Atlantic Ocean waves on the beach at Montauk Point, Long Island, New York. Meinzahn / iStock / Getty Images Plus
By Alison Chase
Governor Andrew M. Cuomo hammered home New York’s vehement opposition to harmful and outdated offshore drilling Monday by signing A. 2572/ S. 2316.
The legislation, sponsored by Assemblyman Steve Englebright and Senator Todd Kaminsky and passed overwhelmingly by the Legislature the first week of February, amends state law to:
- Ban oil and gas exploration, development and production in state coastal and tidal underwater land; and
- Prohibit construction of any new infrastructure in New York to transport oil and natural gas developed in the North Atlantic Planning Area, the federal government’s designation for federal waters offshore the tri-state area and New England.
Governor Cuomo has made crystal clear his opposition to drilling offshore New York and this ban stands in sharp contrast to the Trump administration’s extreme oil and gas leasing proposal to open virtually all ocean waters more than three miles from shore to oil and gas drilling — the entire East Coast, West Coast, Gulf Coast and Alaska.

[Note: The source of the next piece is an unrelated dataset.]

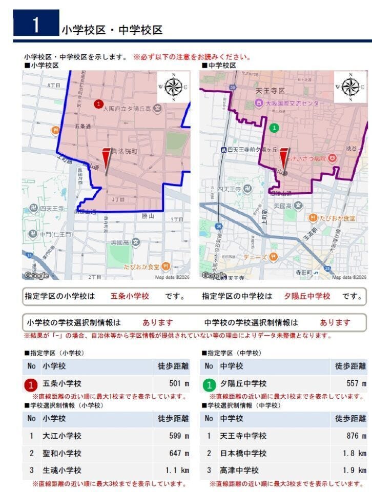 | 小学区 | 五条小学校 徒歩7分 (約525m) | 中学区 | 夕陽丘中学校 徒歩9分 (約664m) |

The new law drives home state opposition to offshore oil and gas development and constructs an important roadblock to any efforts to bring ashore oil drilled throughout New England and the tri-state area.
But New York will also need to keep fighting the Trump administration‘s planned expansion of offshore drilling. While the Trump administration’s revised proposal appears to be on hold for now, the administration’s interest in opening our waters to more offshore drilling remains and the drilling planning process could restart at any moment.
Offshore oil and gas drilling or exploration anywhere along the Atlantic coast could put New York at risk. Oil spills don’t stop at state boundaries and can be carried far along the coastline. After BP’s 2010 Deepwater Horizon rig explosion, oil contaminated more than 1,300 miles of coastline, harming fisheries, birds, and impacting endangered whales for generations to come. An equivalent disaster in the Atlantic — depending on currents and weather — could coat beaches from Savannah to Boston. Our state’s fishermen catch species that move throughout the region; a spill anywhere along the Atlantic could affect their livelihoods.
NRDC is proud of New York’s action to oppose offshore drilling and protect the hundreds of thousands of New York jobs and billions of dollars of state revenue that depend on clean, oil-free water and beaches and abundant fish and wildlife. New York’s ocean use doesn’t mix with harmful offshore oil and gas development. Now this common knowledge is law.
Alison Chase is a senior policy analyst with the Natural Resources Defense Council.